### What the task asks:
Copy word for word the lines in the records below, starting at the line with "When keyboard and" and ending at the line with "柴犬さくらは、少し外に出ただけで、暑そうです。". Skip the pictures.

### Data extracts:
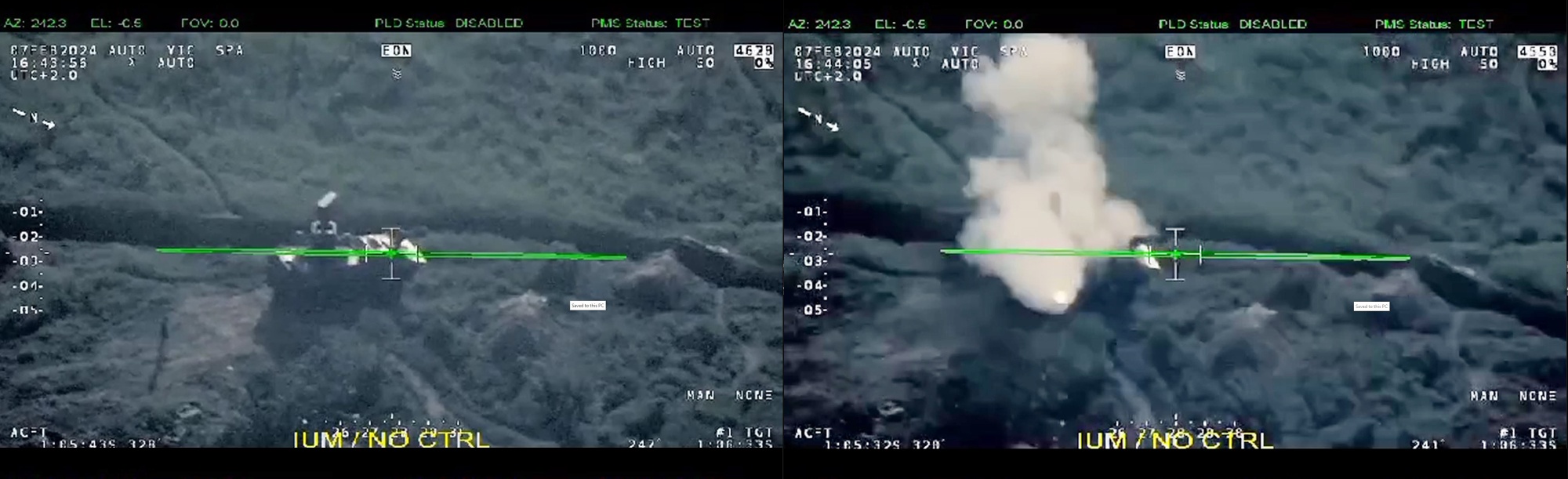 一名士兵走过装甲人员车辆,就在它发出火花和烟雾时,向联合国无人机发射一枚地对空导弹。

* * *

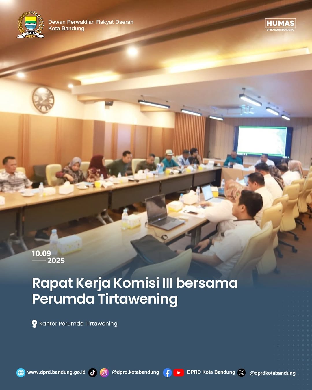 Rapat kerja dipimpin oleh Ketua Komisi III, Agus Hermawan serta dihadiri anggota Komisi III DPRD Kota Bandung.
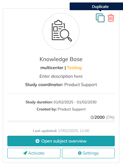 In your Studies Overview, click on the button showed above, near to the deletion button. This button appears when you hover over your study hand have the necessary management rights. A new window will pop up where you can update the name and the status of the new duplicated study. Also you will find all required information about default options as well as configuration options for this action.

* * *

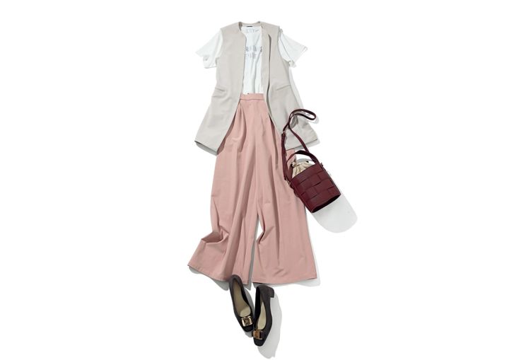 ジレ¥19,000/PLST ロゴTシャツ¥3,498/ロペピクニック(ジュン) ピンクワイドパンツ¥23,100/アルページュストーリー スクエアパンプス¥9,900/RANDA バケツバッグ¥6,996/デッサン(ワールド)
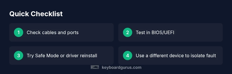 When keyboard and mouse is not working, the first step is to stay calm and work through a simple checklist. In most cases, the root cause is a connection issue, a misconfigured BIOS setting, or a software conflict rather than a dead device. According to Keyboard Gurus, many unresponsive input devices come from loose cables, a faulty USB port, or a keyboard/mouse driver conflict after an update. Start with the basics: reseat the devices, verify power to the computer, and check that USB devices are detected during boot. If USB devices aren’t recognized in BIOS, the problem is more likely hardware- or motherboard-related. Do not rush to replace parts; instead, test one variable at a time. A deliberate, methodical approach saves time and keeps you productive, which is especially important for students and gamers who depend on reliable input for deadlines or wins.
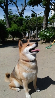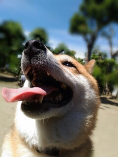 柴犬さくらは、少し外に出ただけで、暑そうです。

### Written answer:
 When keyboard and mouse is not working, the first step is to stay calm and work through a simple checklist. In most cases, the root cause is a connection issue, a misconfigured BIOS setting, or a software conflict rather than a dead device. According to Keyboard Gurus, many unresponsive input devices come from loose cables, a faulty USB port, or a keyboard/mouse driver conflict after an update. Start with the basics: reseat the devices, verify power to the computer, and check that USB devices are detected during boot. If USB devices aren’t recognized in BIOS, the problem is more likely hardware- or motherboard-related. Do not rush to replace parts; instead, test one variable at a time. A deliberate, methodical approach saves time and keeps you productive, which is especially important for students and gamers who depend on reliable input for deadlines or wins.
 柴犬さくらは、少し外に出ただけで、暑そうです。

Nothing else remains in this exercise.